Starting at the line that contains "Geraldines Christmas raffle" and ending at the line that contains "Siyah kabak anahtarlık,kombinlerinize", the lines below are to be given again exactly, with nothing added.
┌─ AVAILABLE RECORDS
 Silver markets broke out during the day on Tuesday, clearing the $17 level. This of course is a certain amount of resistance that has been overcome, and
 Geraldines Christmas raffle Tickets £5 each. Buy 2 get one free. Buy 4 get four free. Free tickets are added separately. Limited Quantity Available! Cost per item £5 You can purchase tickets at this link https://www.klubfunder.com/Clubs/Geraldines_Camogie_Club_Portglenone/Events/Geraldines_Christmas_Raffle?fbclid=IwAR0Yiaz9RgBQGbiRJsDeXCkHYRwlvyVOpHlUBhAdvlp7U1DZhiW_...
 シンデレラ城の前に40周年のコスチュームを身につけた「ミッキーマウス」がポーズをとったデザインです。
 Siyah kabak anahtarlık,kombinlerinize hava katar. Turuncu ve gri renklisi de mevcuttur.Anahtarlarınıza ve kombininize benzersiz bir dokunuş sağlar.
└─
┌─ AVAILABLE RECORDS
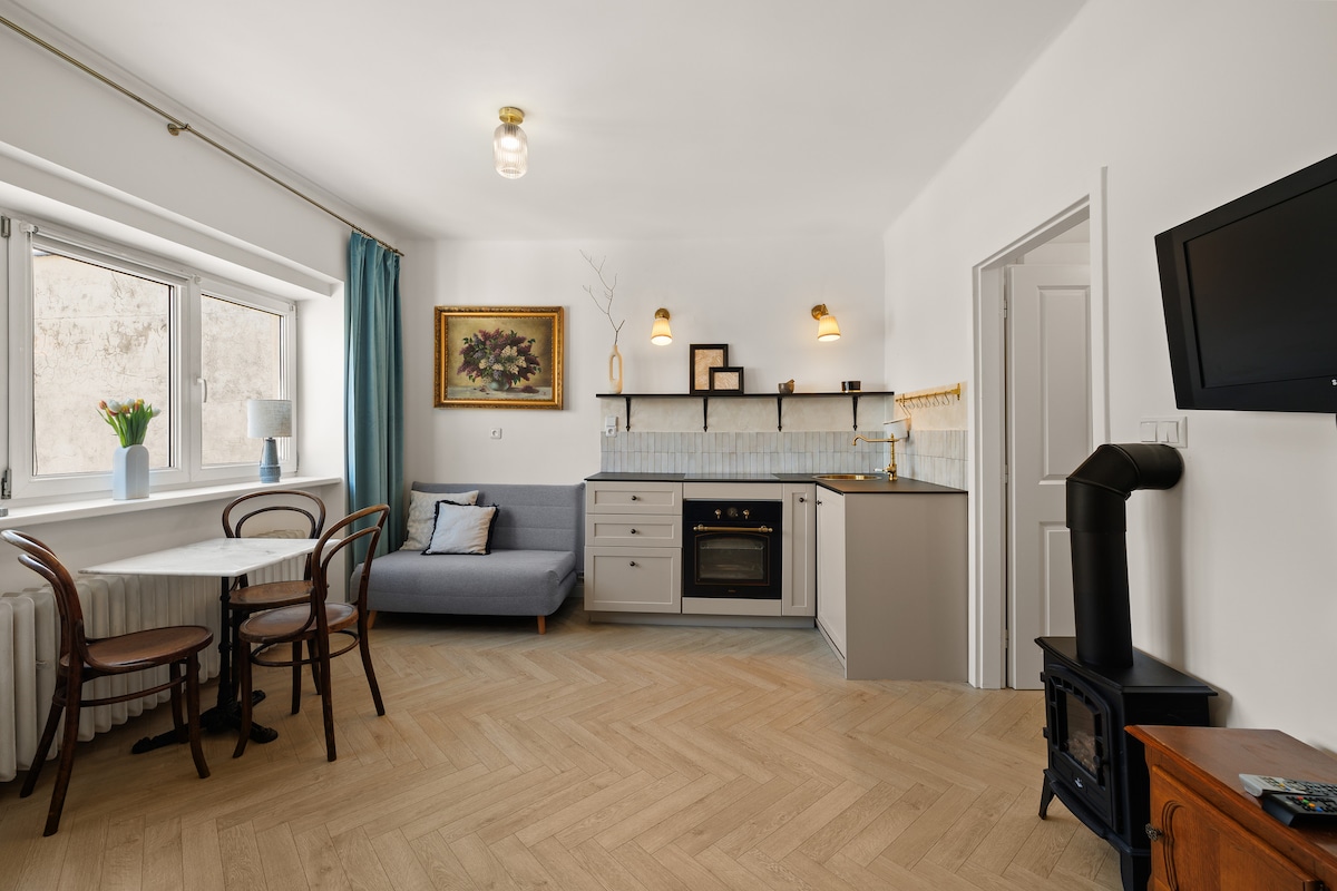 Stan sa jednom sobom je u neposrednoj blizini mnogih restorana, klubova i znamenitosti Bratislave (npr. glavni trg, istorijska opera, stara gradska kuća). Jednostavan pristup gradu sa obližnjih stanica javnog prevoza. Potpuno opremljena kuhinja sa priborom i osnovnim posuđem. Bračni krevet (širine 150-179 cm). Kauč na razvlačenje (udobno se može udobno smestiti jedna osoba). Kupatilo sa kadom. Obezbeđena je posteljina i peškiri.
└─
┌─ AVAILABLE RECORDS
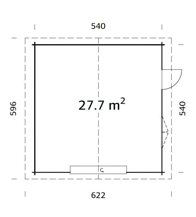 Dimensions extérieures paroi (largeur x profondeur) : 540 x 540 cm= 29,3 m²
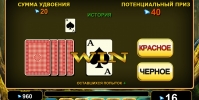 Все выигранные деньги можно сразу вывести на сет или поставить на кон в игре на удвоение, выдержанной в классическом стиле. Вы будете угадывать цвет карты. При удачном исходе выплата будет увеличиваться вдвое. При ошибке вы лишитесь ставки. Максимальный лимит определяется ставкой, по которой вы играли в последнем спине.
└─
### WORKED SOLUTION
 Geraldines Christmas raffle Tickets £5 each. Buy 2 get one free. Buy 4 get four free. Free tickets are added separately. Limited Quantity Available! Cost per item £5 You can purchase tickets at this link https://www.klubfunder.com/Clubs/Geraldines_Camogie_Club_Portglenone/Events/Geraldines_Christmas_Raffle?fbclid=IwAR0Yiaz9RgBQGbiRJsDeXCkHYRwlvyVOpHlUBhAdvlp7U1DZhiW_...
 シンデレラ城の前に40周年のコスチュームを身につけた「ミッキーマウス」がポーズをとったデザインです。
 Siyah kabak anahtarlık,kombinlerinize hava katar. Turuncu ve gri renklisi de mevcuttur.Anahtarlarınıza ve kombininize benzersiz bir dokunuş sağlar.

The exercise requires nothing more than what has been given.